Ah, mise-en-scene. It's one of those terms, like hermeneutics, deconstruction, or hegemony, that just rolls off the tongue.
Contrary to popular opinion, mise-en-scene has a relatively simple meaning, and it's explored nicely in this video essay by David Gallo. Of course, there's no better place to start learning about mise-en-scene than Wes Anderson. This new video essay walks us through the not-so-idyllic island intrigue, Moonrise Kingdom, and the elements that make up Anderson's use of said mise-en-scene. We get to revisit some particularly poignant moments from the films, as well. (Below, we outline the most important elements of the cinematic term.)
To say the scenario of Moonrise Kingdom is staged is an understatement; Anderson sets the film on an island, isolating its characters from any outside influence, and then lets them frolic in anguish, in happiness, and in love. Though it's a far cry from the island of Shakespeare's The Tempest, one could see it as a staging ground for battles over identity that lead to the ultimate question: When does one become the Prospero of one's own life?

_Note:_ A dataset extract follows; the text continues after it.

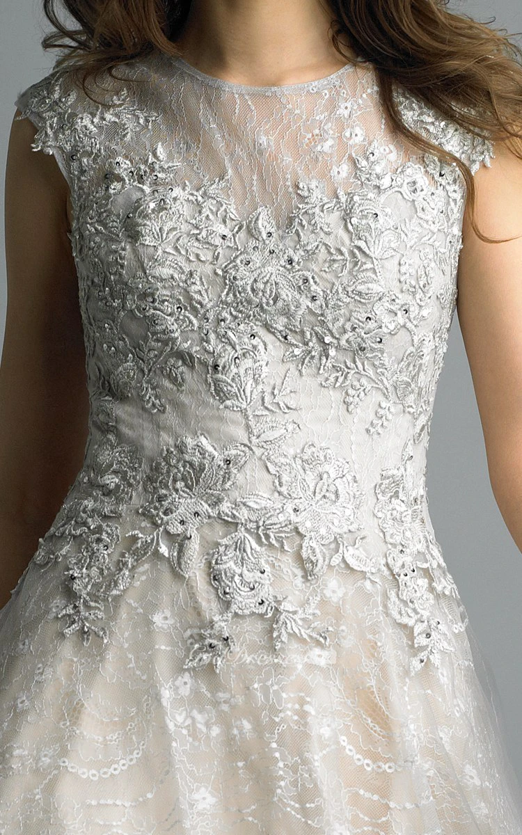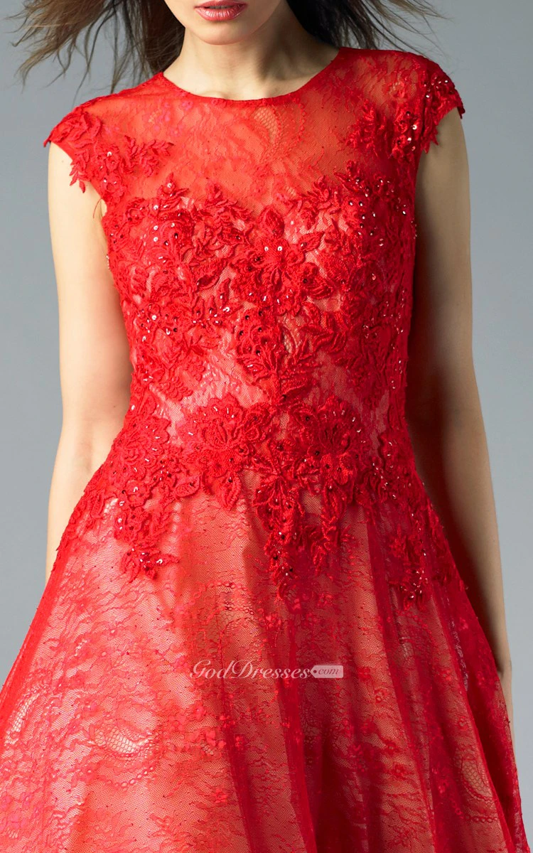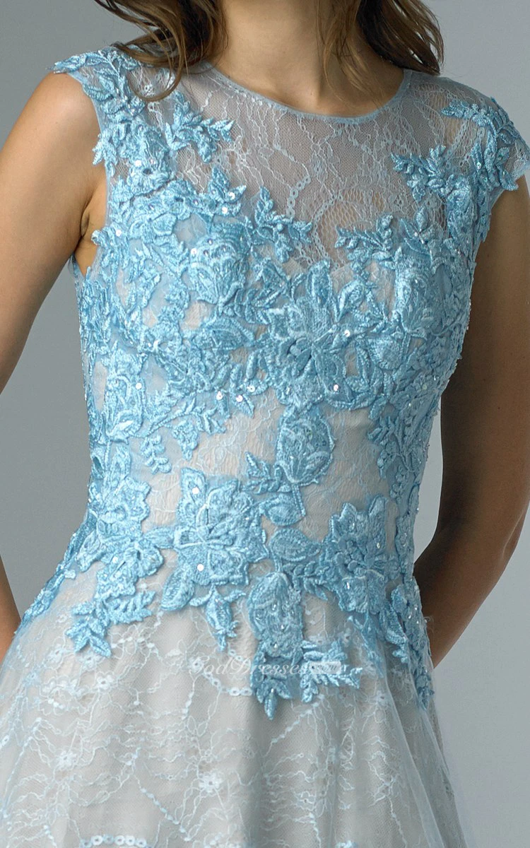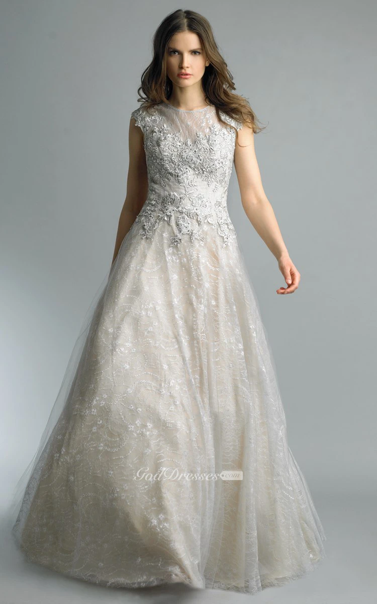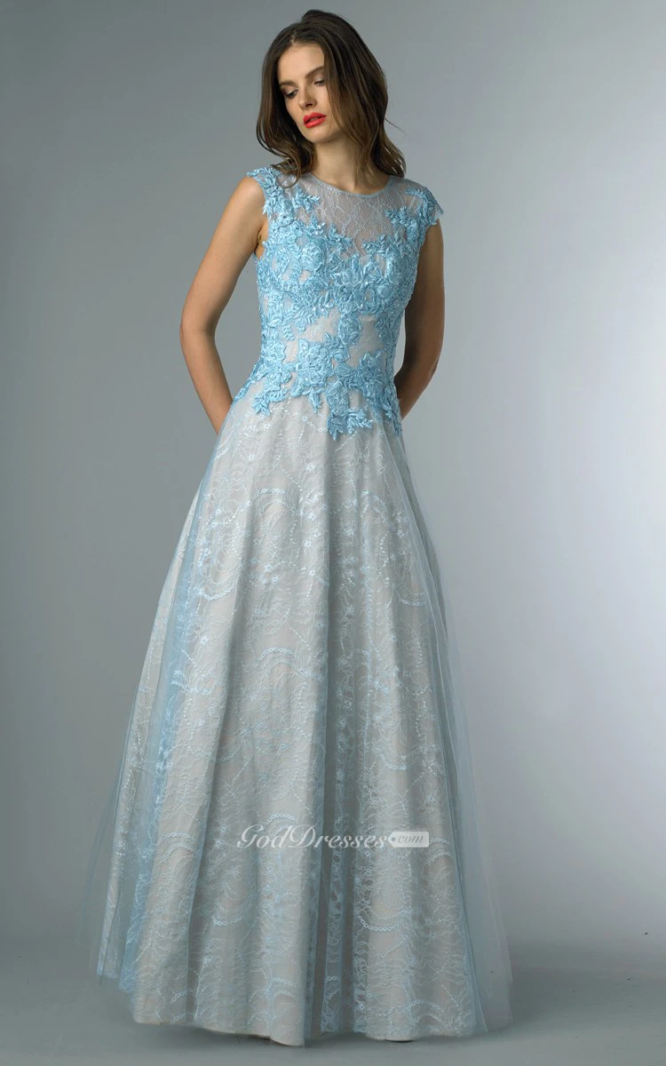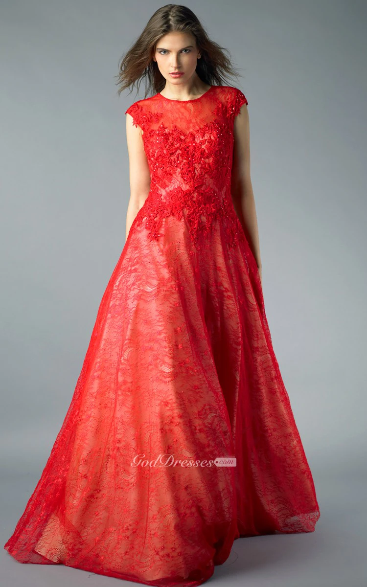 A-line Floor-length High Neck Short Sleeve Lace Illusion Dress
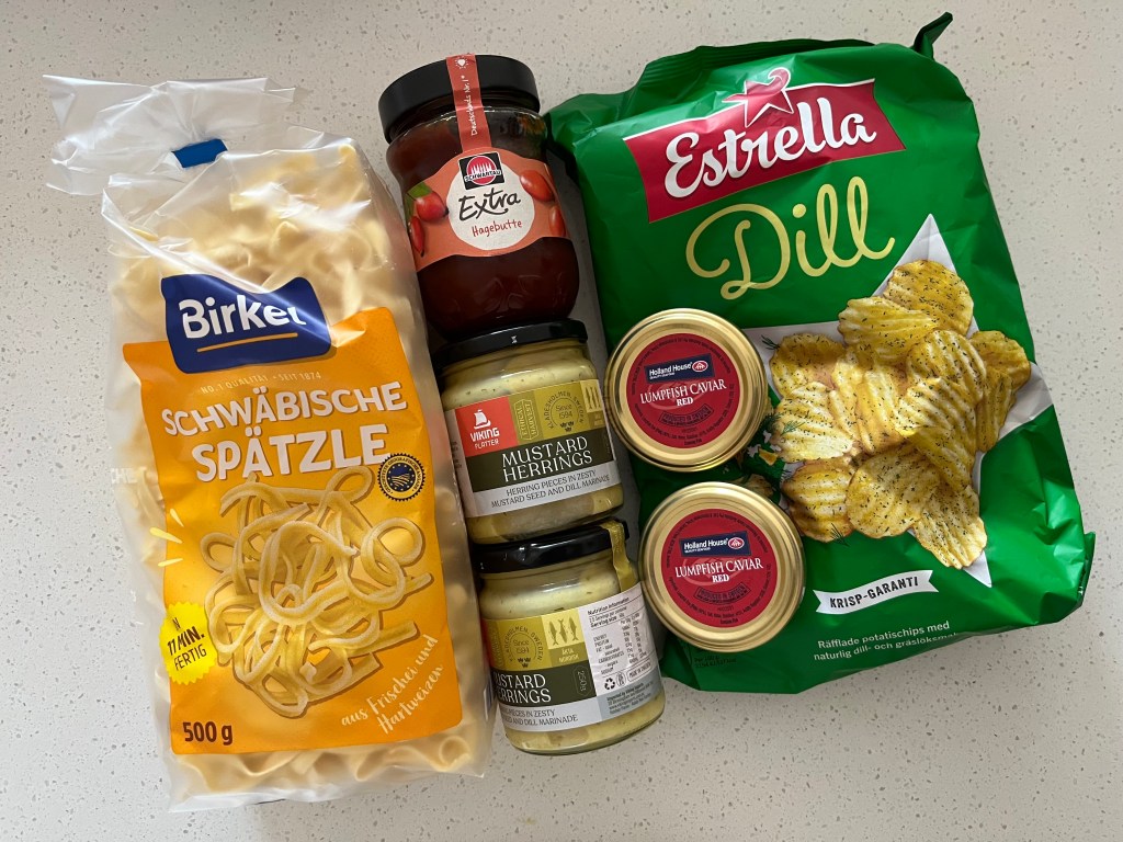 Safka, our now only supplier of Scandinavian food, was having a sale so I ordered up some dill crisps, lumpfish roe, mustard herrings, a tube of kaviar (not pictured) and some German rosehip jam and a bag of spätzle.

Gallo accurately points out the "low-key" lighting of most of the film. Anderson does this to bring the level of the human interactions here down to size—to humanize them. Whether or not he succeeds, of course, is debatable (and if he doesn't, perhaps that could be seen as a sign of the rebellious spirit at the heart of the film).
Anderson's human figures are, here as elsewhere, highly awkward. They don't know what to do with their hands. They stumble. They stagger. This is all part of the experience of the film, which is to draw you into the heart of human imperfection at its most benign. The human figure, be it outfitted in a Boy Scout uniform or Dad shorts, is a metaphor for the films themselves, which are studies in fascination with imperfection, cloaked in seemingly perfect (read: symmetrical) form.
As Gallo states, the camera work here is dead straight ahead 90 percent of the time, presenting a moving gallery of photos of its characters. This creates a peculiar tone—something like a visual deadpan. In this sort of frame, everything is funny, and nothing is funny at all.